▸ BRIEF
Look in the data below for the line that has "Cérusé blanc CB", then print exactly every line from there through the line that has "אמיר שי דואר ישראל המגזר הציבורי", leaving pictures out.

▸ EXERCISE DATA

§ §

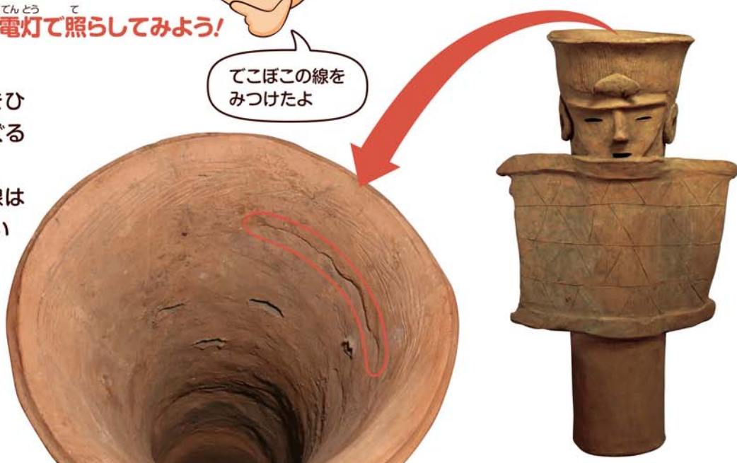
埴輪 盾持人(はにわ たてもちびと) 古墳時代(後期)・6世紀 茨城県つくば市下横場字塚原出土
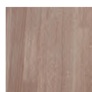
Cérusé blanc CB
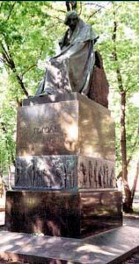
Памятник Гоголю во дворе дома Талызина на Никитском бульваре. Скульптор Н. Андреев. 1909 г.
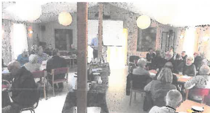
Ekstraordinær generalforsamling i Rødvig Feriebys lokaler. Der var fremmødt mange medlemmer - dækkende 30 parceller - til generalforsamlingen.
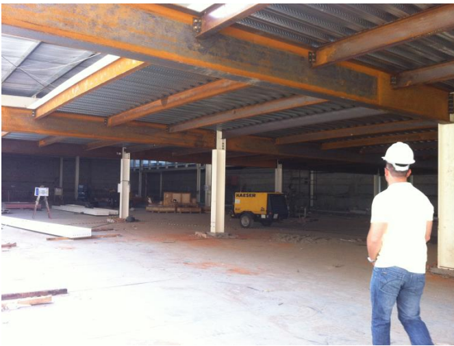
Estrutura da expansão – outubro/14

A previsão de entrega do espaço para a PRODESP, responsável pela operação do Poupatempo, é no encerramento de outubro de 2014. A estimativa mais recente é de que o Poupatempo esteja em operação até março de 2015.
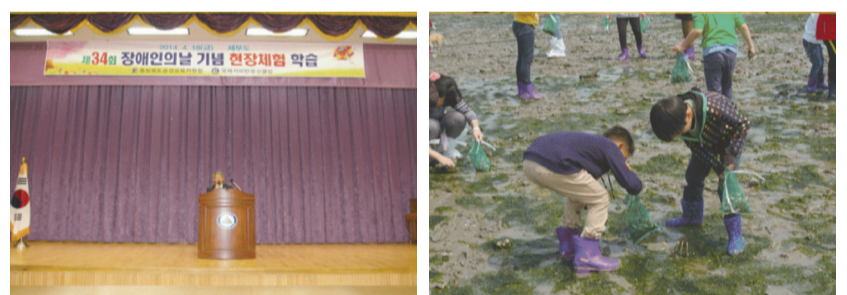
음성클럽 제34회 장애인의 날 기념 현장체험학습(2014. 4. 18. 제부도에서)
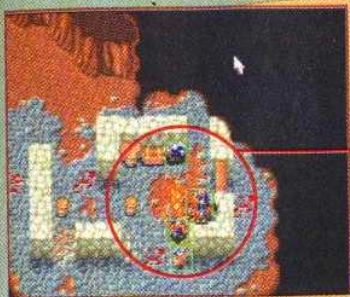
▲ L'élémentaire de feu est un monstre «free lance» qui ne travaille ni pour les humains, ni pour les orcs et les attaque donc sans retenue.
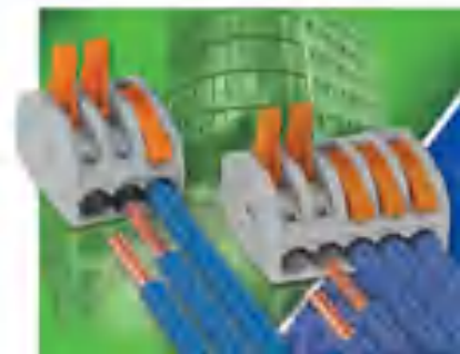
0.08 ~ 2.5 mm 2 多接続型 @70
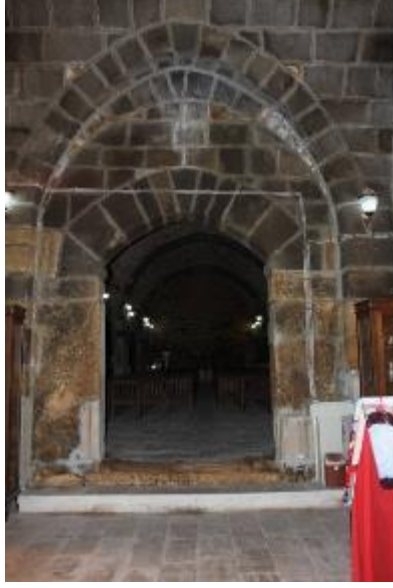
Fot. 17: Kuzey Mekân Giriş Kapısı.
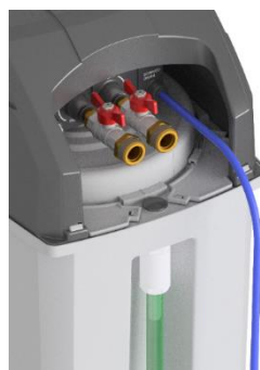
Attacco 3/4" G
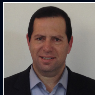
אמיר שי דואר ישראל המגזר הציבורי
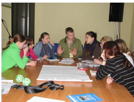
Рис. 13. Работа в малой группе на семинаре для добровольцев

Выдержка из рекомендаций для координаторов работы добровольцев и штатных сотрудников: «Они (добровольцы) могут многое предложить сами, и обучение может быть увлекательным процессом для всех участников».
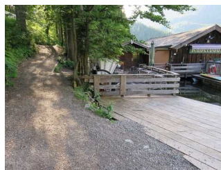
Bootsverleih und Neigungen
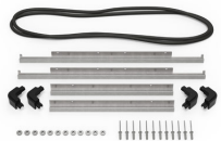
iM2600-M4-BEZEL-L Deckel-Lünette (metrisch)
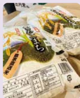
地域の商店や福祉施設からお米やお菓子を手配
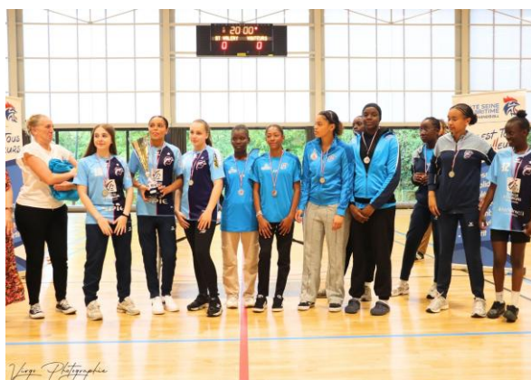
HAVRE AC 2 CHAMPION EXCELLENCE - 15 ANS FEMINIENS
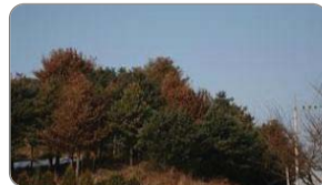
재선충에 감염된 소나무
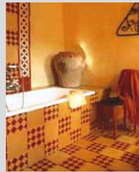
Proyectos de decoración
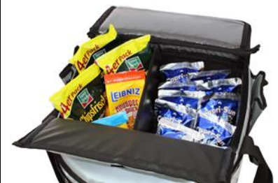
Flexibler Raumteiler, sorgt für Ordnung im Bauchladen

§ §

▸ TASK RESPONSE
Cérusé blanc CB
Памятник Гоголю во дворе дома Талызина на Никитском бульваре. Скульптор Н. Андреев. 1909 г.
Ekstraordinær generalforsamling i Rødvig Feriebys lokaler. Der var fremmødt mange medlemmer - dækkende 30 parceller - til generalforsamlingen.
Estrutura da expansão – outubro/14

A previsão de entrega do espaço para a PRODESP, responsável pela operação do Poupatempo, é no encerramento de outubro de 2014. A estimativa mais recente é de que o Poupatempo esteja em operação até março de 2015.
음성클럽 제34회 장애인의 날 기념 현장체험학습(2014. 4. 18. 제부도에서)
▲ L'élémentaire de feu est un monstre «free lance» qui ne travaille ni pour les humains, ni pour les orcs et les attaque donc sans retenue.
0.08 ~ 2.5 mm 2 多接続型 @70
Fot. 17: Kuzey Mekân Giriş Kapısı.
Attacco 3/4" G
אמיר שי דואר ישראל המגזר הציבורי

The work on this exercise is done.